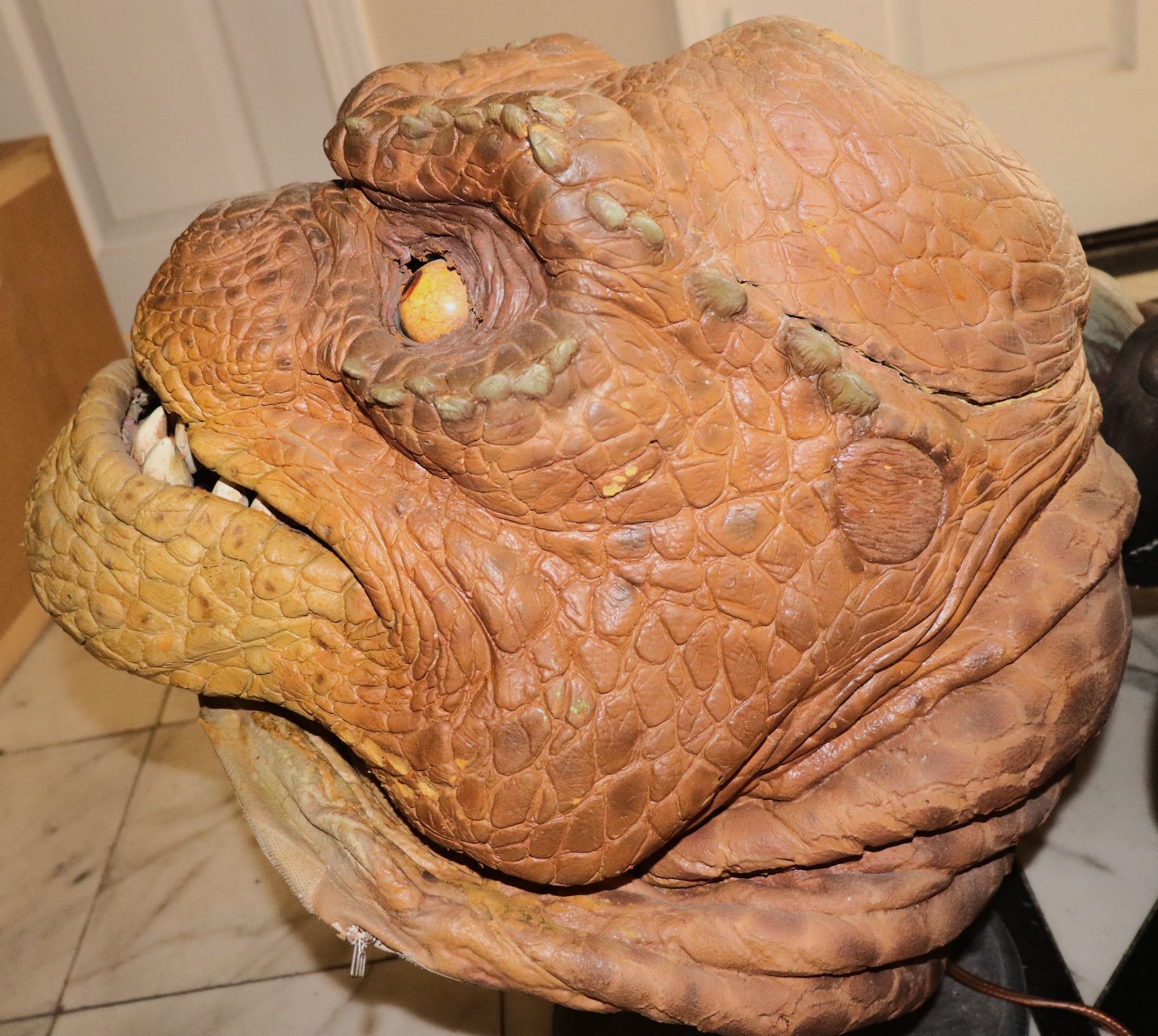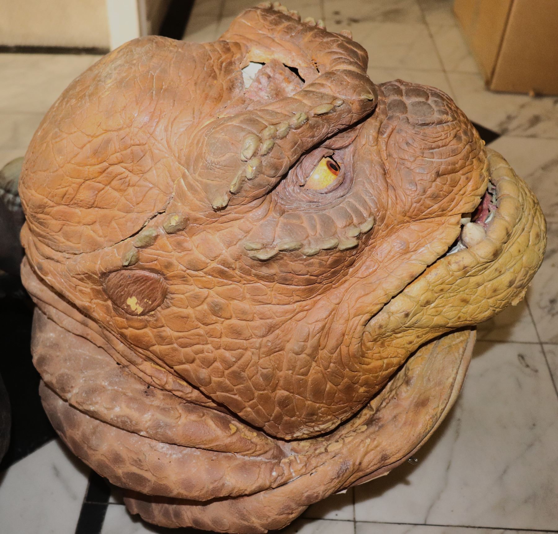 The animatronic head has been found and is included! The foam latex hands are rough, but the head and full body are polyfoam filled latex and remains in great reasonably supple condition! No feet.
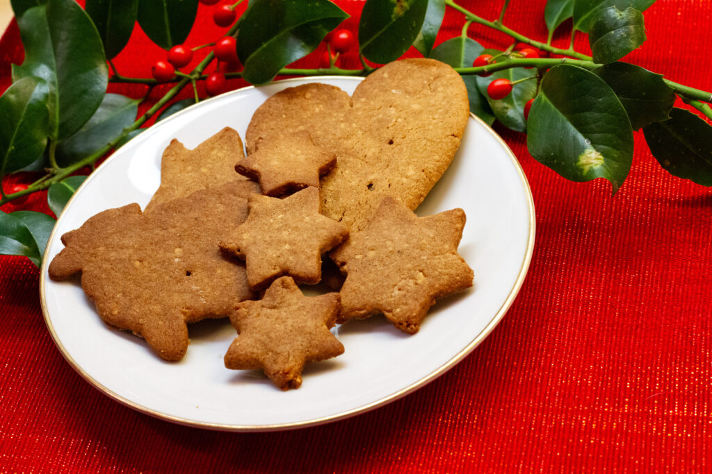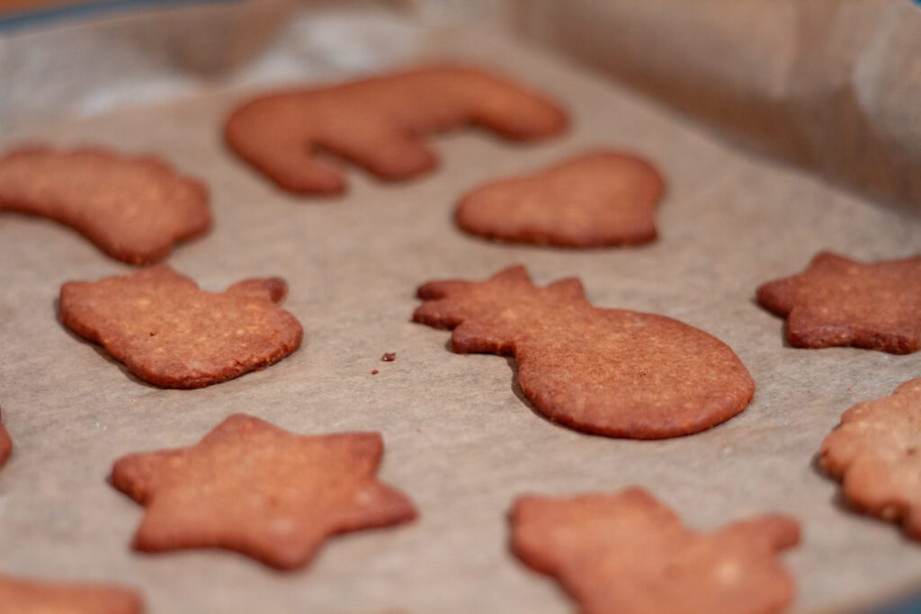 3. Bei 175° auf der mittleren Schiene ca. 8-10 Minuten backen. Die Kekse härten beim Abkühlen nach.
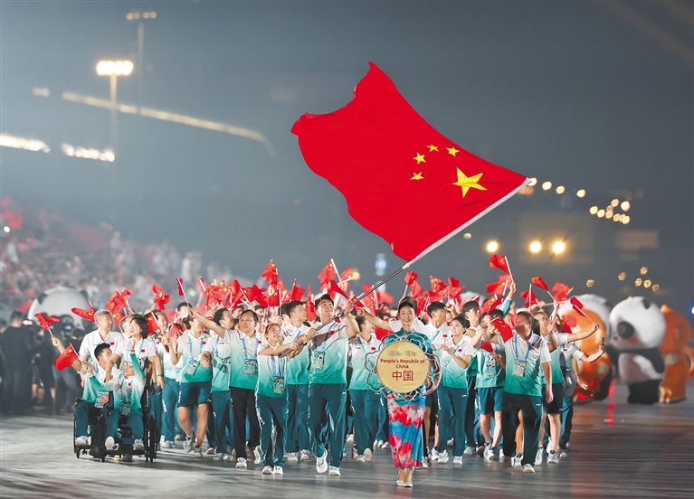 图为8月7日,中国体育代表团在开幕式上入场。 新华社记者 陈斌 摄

TASK TO COMPLETE: Copy all of the data word for word, and keep the pictures out of it.

ANSWER SPACE:
 The animatronic head has been found and is included! The foam latex hands are rough, but the head and full body are polyfoam filled latex and remains in great reasonably supple condition! No feet.
 3. Bei 175° auf der mittleren Schiene ca. 8-10 Minuten backen. Die Kekse härten beim Abkühlen nach.
 图为8月7日,中国体育代表团在开幕式上入场。 新华社记者 陈斌 摄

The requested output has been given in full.